The adage that age is only a number is more appropriate for an olive tree than for humans.
The olive tree lives and bears fruit incomparably longer than people, and nowhere is this more apparent than at the Old Olive Tree in southern Montenegro.
This gift and the prince’s interest in Montenegrin olive oil provides added value for producers and is another beautiful story that will encourage the oil’s sale at much higher prices.
“She just turned 2,245 years old,” said Ćazim Alković, president of the Bar Olive Growers Association. Along with its focus on olive cultivation and oil production, the association takes special care of what they claim is the oldest olive tree in Europe and the third-oldest in the world.See Also: Millenary Trees
Despite its age, the tree continues to produce fruit and 2021 was no exception. “We have just harvested 101 kilograms,” said Alković, who could not hide his satisfaction.

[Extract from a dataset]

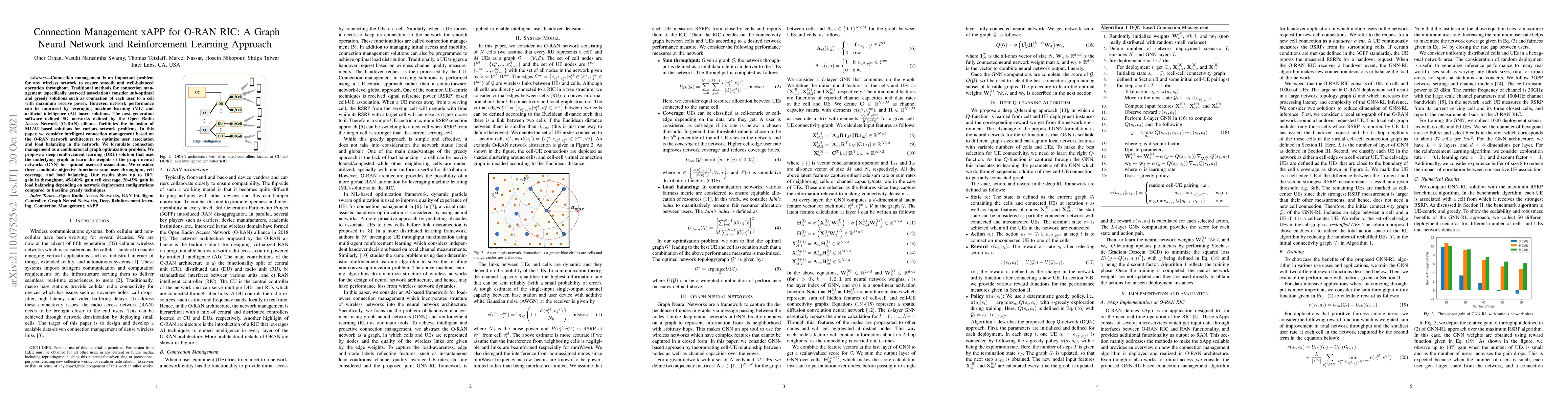Connection management is an important problem for any wireless network to ensure smooth and well-balanced operation throughout. Traditional methods for connection management (specifically user-cell association) consider sub-optimal and greedy solutions such as connection of each user to a cell with maximum receive power. However, network performance can be improved by leveraging machine learning (ML) and artificial intelligence (AI) based solutions. The next generation software defined 5G networks defined by the Open Radio Access Network (O-RAN) alliance facilitates the inclusion of ML/AI based solutions for various network problems. In this paper, we consider intelligent connection management based on the O-RAN network architecture to optimize user association and load balancing in the network. We formulate connection management as a combinatorial graph optimization problem. We propose a deep reinforcement learning (DRL) solution that uses the underlying graph to learn the weights of the graph neural networks (GNN) for optimal user-cell association. We consider three candidate objective functions: sum user throughput, cell coverage, and load balancing. Our results show up to 10% gain in throughput, 45-140% gain cell coverage, 20-45% gain in load balancing depending on network deployment configurations compared to baseline greedy techniques.

He added this year’s yield promotes the importance of timely harvesting and the olive-growing tradition of the local Porum region, in which Bar is located.
Alković was not the only person celebrating this year’s yield either.
Aleksandar Stijović, Montenegro’s Minister of Agriculture, Forestry and Water Management, joined local olive growers and officials – including Mayor Dušan Raičević and the Milena Božović, president of the municipal assembly – to celebrate the continued fruitfulness of the tree.
“Without timely harvesting and processing, there is no quality oil,” Stijović said. “We must forever abandon bad habits such as collecting overripe and fallen fruits from the ground.”
Along with celebrating the harvest, the minister took his opportunity with the growers and local officials to emphasize the importance of olive oil quality.
There is still a problem among consumers and producers in Montenegro in recognizing the smell and taste of extra virgin olive oil.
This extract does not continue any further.